Long involved in the repression of Sunni Caucasian nationalists, although the Chechen war only took on religious overtones in its second incarnation (2002-2007), Russia has chosen the Shiite side of the larger war. Even the idea of a nuclear Iran does not disturb Russia as much as the idea of shoulder-fired anti-aircraft weapons in the hands of Sunni terrorists. Russia preferred secular despots in the Middle East as well — Saddam, Assad father and son, Nasser — who would repress the Muslim Brotherhood and other internationalist Sunnis. The despots obliged. Nasser outlawed the Brotherhood, Assad killed tens of thousands in Hama, and Saddam ran a savagely secular state to ensure that his minority Sunnis could remain in power. Russia’s commitment to Bashar Assad should not be underestimated.
And with shades of the Cold War, as Russia supports the Syrian regime, the U.S. has moved closer and closer to military involvement. Our first choice was to outsource the funding, arms and training of rebels to Turkey, Qatar and Saudi Arabia who chose, naturally enough, expansionist Sunni groups hoping to push Iranian-supported Shiites out of power. American arms are intended to end up with the Free Syrian Army, but according to David Ignatius “Islamist fighters…have formed the backbone of the Free Syrian Army for nearly two years. The Syrian opposition is almost entirely Sunni Muslim, and the Islamists (especially al-Nusra’s recruits) have been among the best fighters.”
The clear implication is that regardless of what they say to the U.S. to win our support, their long-term aims may be incompatible with ours. The possibility remains for direct U.S. military involvement, although hard on the heels of Hagel’s statement about arming rebels, U.S. Special Operations Commander Admiral William McRaven strongly warned against considering the use of U.S. troops.
If American policy in Syria seems feckless, it is because it is feckless.

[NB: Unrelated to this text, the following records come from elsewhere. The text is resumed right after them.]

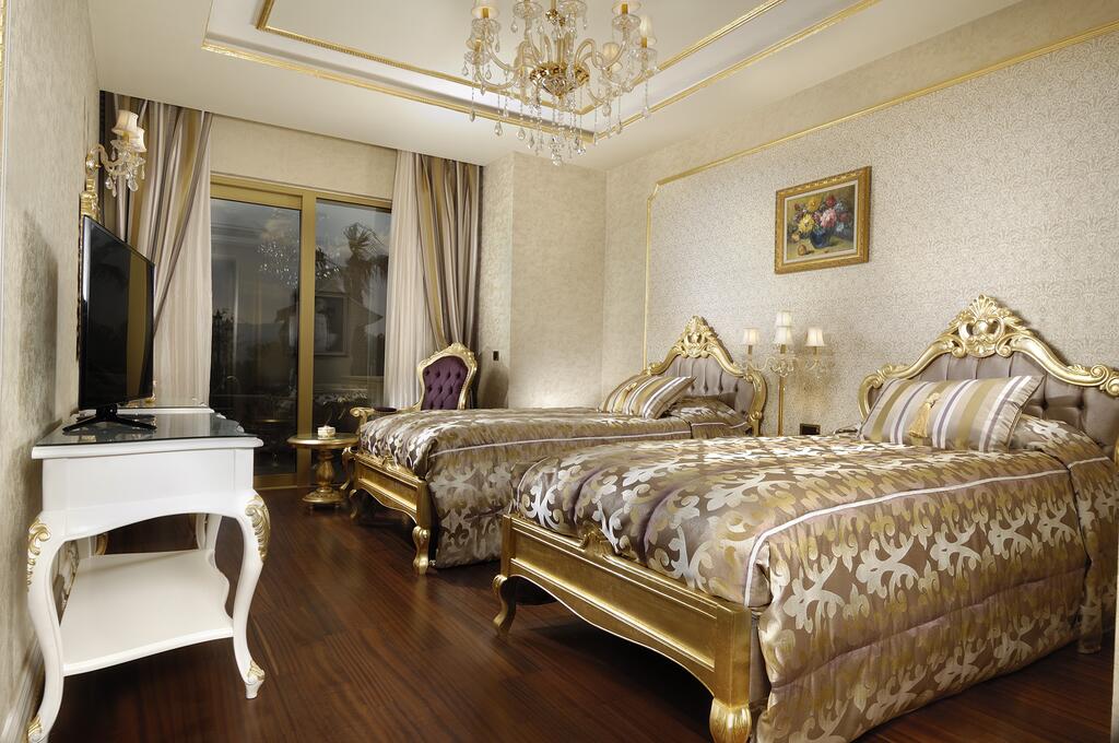 Елегантно обзаведените и климатизирани помещения за настаняване в хотел The Bodrum Royal Palace имат балкон с морски изглед и кът за сядане. Разполагат и със сателитна телевизия, DVD плейър и минибар. Във всяка стая е осигурен сейф. Някои стаи разполагат с iPad.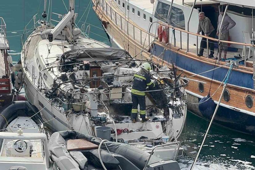 Muğla’nın Fethiye ilçesinde düzensiz göçmen kaçakçılığı yapılması nedeniyle el konulan yelkenli teknede çıkan yangın, itfaiye ekiplerince söndürüldü.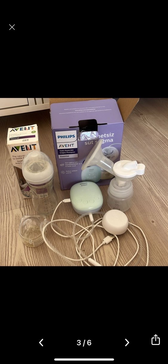 Philips Avent beyaz elektrikli göğüs pompası, eller serbest kullanım ve kolay süt toplama için şişeler ve aksesuarlarla birlikte gelir. USB ile şarj edilir. Temiz ürün sağlam bir skıntısı yoktur yanında cam biberon ve başlıklar hediyedir 2 ve 3 numara başlık

The President initially tried to “win” Assad to the West by sending envoys and lifting parts of the embargo. But Assad was not “won,” and when he turned his army on his people, the President, apparently trying to satisfy American sensibilities with rhetoric, demanded that he step down. Assad did not step down and rebel bands struck back, which did not displease the President, who was perhaps hoping that the rebels could do what his words alone could not do — get rid of Assad quickly and without American involvement. The discovery that some rebels have serious jihadist tendencies offended American sensibilities, so the U.S. declined to “arm the rebels.” That refusal apparently satisfied American public opinion, which leans heavily against any involvement in Syria; but the grossness of the slaughter, particularly the use of chemicals, did offend American sensibilities. The President’s sliding “red line” on the use of chemical weapons offended some parties and satisfied others. Claiming to find “moderate, secular rebels” will satisfy some, but the admitted interconnectedness of the rebels — and the fact that the Islamists are far and away the best fighters — will continue to worry others.

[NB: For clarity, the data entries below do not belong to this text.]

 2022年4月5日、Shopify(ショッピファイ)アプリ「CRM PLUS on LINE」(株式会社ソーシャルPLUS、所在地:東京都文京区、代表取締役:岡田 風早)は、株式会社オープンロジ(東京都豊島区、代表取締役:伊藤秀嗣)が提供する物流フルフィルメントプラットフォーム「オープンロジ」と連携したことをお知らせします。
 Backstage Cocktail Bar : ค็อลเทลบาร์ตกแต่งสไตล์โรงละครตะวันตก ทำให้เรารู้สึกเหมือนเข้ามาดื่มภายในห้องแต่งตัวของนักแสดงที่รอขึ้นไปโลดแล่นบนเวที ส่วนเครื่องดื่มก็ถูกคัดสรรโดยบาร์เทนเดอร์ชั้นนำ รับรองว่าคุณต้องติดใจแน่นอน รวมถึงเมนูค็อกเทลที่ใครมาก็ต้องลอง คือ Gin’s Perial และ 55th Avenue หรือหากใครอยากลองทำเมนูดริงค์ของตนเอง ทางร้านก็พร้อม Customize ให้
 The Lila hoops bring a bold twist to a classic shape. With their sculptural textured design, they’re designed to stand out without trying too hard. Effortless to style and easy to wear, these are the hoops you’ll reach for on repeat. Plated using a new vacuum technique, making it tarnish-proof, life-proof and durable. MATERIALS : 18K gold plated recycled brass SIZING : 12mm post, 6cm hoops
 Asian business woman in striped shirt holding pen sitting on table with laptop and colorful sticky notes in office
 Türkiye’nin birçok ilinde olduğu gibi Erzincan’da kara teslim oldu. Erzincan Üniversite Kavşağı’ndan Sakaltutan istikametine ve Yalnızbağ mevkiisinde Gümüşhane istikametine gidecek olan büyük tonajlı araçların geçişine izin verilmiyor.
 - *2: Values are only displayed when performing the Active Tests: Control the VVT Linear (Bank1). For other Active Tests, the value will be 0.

The administration’s policy on Syria has been a series of visceral reactions to graphic events and horrific casualties, offset by a gigantic distaste for confrontation. Without a definition of America’s strategic interests, such as a defeat for both Iran and the Sunni jihadists, the chance remains that America might be dragged into another front in the Fourth Great War. A war in which neither side is our friend.